Jeremiah Kissel, a well-known Boston-based actor who recently gave command performances as Bernie Madoff in “Imagining Madoff” and as Tevye in “Fiddler on the Roof” at the New Repertory Theater, will perform with several other actors in a staged reading of a world premiere of the brand new Joshua Sobol play “David.King” directed by Guy Ben-Aharon, at Wellesley College on April 5.

“David. King,” according to Sobol, is based on the biblical story of David and Saul and reflects on the nature of ethical leadership which, in David’s case, involves considerable self-reflection and humility.  “At the end of his life, David abdicates the crown and gives it to his son, Solomon, who says, in response, ‘but, Father you’re the King,” to which David responds modestly “what does it mean to be a king, and what’s the importance of power?”

Concerned with the examples of just the opposite in the contemporary world, Sobol observes that “when the government starts to change the laws to suppress criticism or opposition, there’s the danger of fascism, which is about paranoia, about stirring up all kinds of fears among different sectors of society, according to the idea of divide and rule.”

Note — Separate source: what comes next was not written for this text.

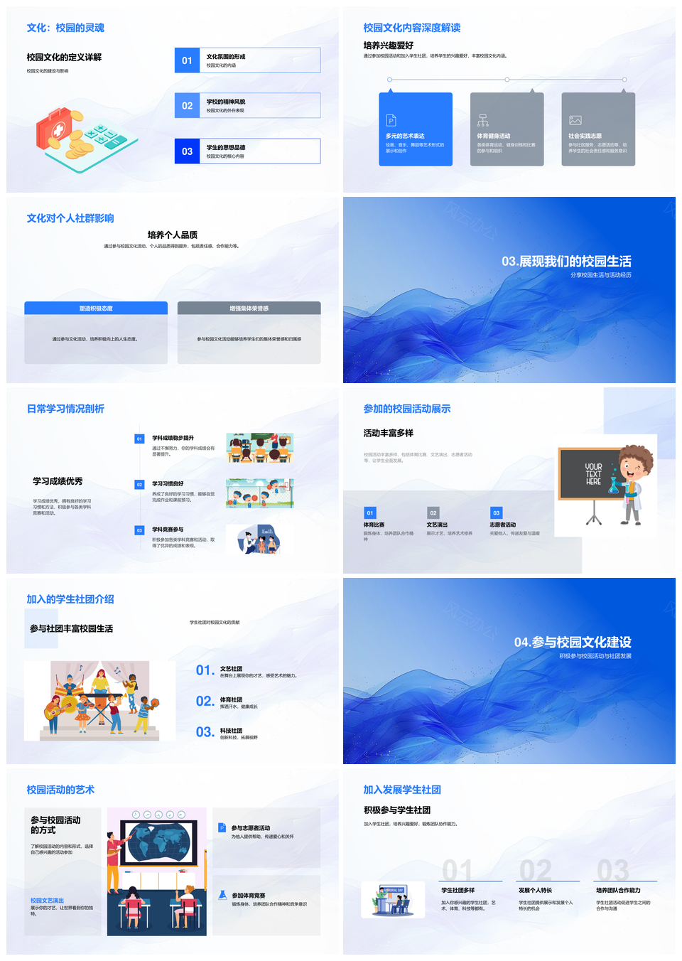 这是一张校园文化社团生活优美环境设施齐备共创共享PPT模板,包含校园文化、社团生活、优美环境、设施齐备、共创共享等主题内容,也可用作校园文化社团生活优美环境设施齐备、社团生活优美环境设施齐备共创共享、校园文化社团生活优美环境、校园文化社团生活设施齐备、校园文化社团生活共创共享、校园文化优美环境设施齐备、校园文化优美环境共创共享、校园文化设施齐备共创共享、社团生活优美环境设施齐备、社团生活优美环境共创共享、社团生活设施齐备共创共享、优美环境设施齐备共创共享、校园文化优美环境、校园文化设施齐备、优美环境设施齐备等PPT场景使用。 风云办公提供的校园文化社团生活优美环境设施齐备共创共享PPT模板,下载格式为pptx,一共23页,作品中文字及图均可以修改和编辑,图片更改请在作品中右键图片并更换,文字修改请直接点击文字进行修改。

Concurrent with Sobol’s residency, New Repertory Theater will be presenting a fully staged production of his play “Sinners” about the consequences of a forbidden relationship set in an unspecified Muslim country.

For more details of Sobol’s residency visit IsraeliStage.com.

One Response

  1. A characteristically insightful, illuminating examination of a contemporary artist by Munitz. He illuminates the cultural and historical background against which Sobol works and successfully reveals his appeal to the concerned Israeli and Jew of our times and, in truth, to all for whom openness and dialogue are existential virtues in society. Kudos to Munitz or as I prefer to say, “Yashar Koach!”